- First tankōbon volume cover

群青にサイレン (Gunjō ni Sairen)
- Genre: Sports
- Written by: Mikan Momokuri
- Published by: Shueisha
- Imprint: Margaret Comics You (vol. 1–9); Margaret Comics Jump Plus (vol. 10–12);
- Magazine: You (2015–2018); Shōnen Jump+ (2019–2020);
- Original run: July 15, 2015 – August 3, 2020
- Volumes: 12
- Anime and manga portal

= Gunjō ni Siren =

Japanese manga series by Mikan Momokuri

Gunjō ni Siren (群青にサイレン, Gunjō ni Sairen) is a Japanese baseball-themed manga series written and illustrated by Mikan Momokuri. It was serialized in Shueisha's josei manga magazine You from July 2015 to October 2018, until the magazine ceased its publication. It was later serialized on Shueisha's online platform Shōnen Jump+ from February 2019 to August 2020. Its chapters were collected in 12 tankōbon volumes.

==Publication==
Written and illustrated by Mikan Momokuri, Gunjō ni Siren was serialized in serialized in Shueisha's jjosei manga magazine You from July 15, 2015, to October 15, 2018, until the magazine ceased its publication.

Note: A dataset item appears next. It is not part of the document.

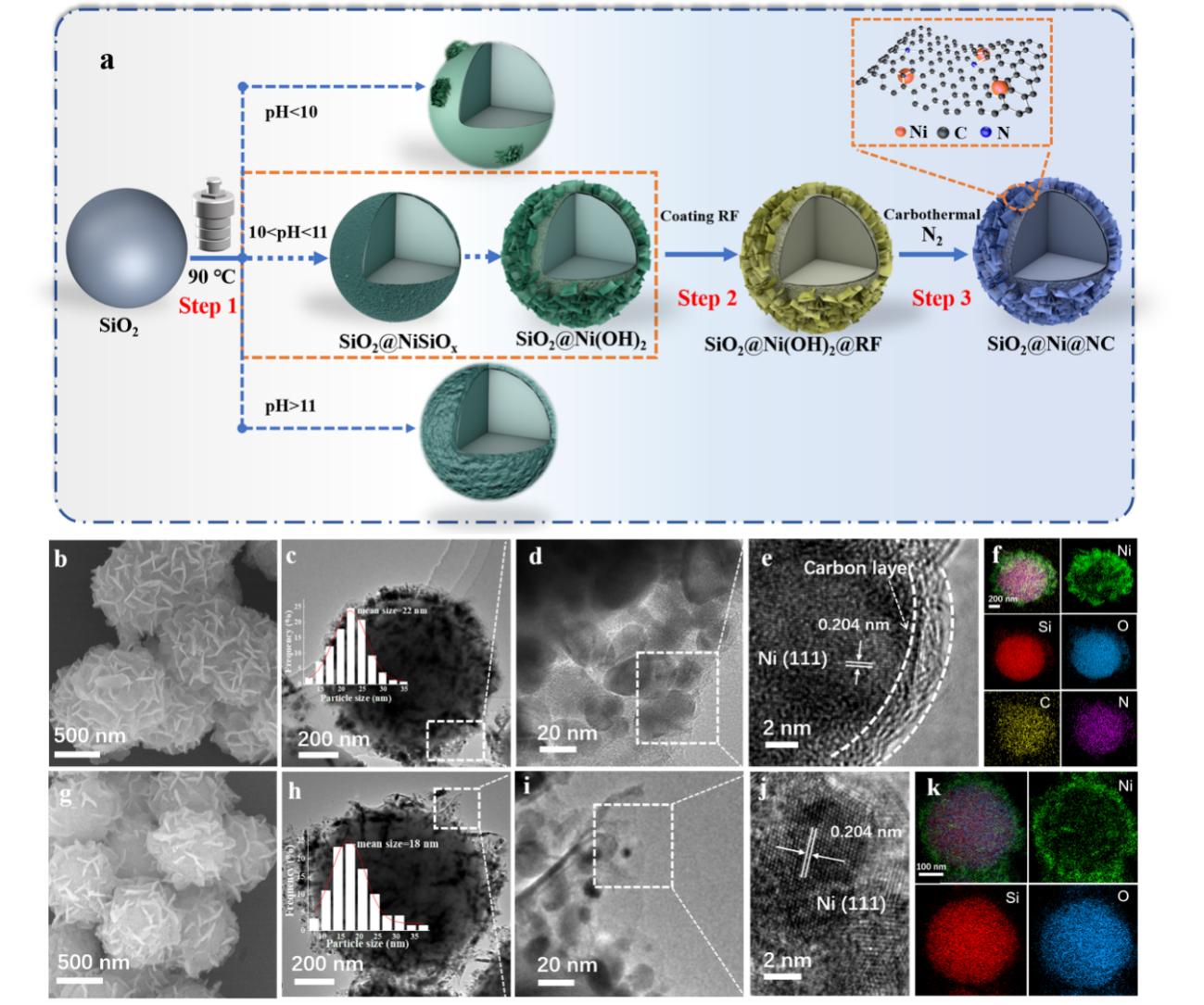 图1. (a) SiO2@Ni@NC的合成示意图;SiO2@Ni@NC催化剂的(b) SEM, (c, d) TEM, (e) HRTEM和(f) EDS能谱图; SiO2@Ni催化剂的(g) SEM, (h, i) TEM, (j) HRTEM和(k) EDS能谱图。

It was later serialized on Shueisha's online platform Shōnen Jump+ from February 2, 2019, to August 3, 2020. Shueisha collected its chapters in 12 tankōbon volumes, released from November 25, 2020, to October 2, 2020.

===Volumes===

| No. | Japanese release date | Japanese ISBN |
|---|---|---|
| 1 | November 25, 2015 | 978-4-08-845492-4 |
| 2 | March 25, 2016 | 978-4-08-845549-5 |
| 3 | July 25, 2016 | 978-4-08-845617-1 |
| 4 | January 25, 2017 | 978-4-08-845713-0 |
| 5 | April 25, 2017 | 978-4-08-845756-7 |
| 6 | October 25, 2017 | 978-4-08-845848-9 |
| 7 | March 23, 2018 | 978-4-08-844016-3 |
| 8 | July 25, 2018 | 978-4-08-844074-3 |
| 9 | November 22, 2018 | 978-4-08-844130-6 |
| 10 | August 2, 2019 | 978-4-08-844229-7 |
| 11 | March 4, 2020 | 978-4-08-844335-5 |
| 12 | October 2, 2020 | 978-4-08-844395-9 |

==Reception==
The series ranked third on AnimeJapan's "Most Wanted Anime Adaptation" poll in 2019.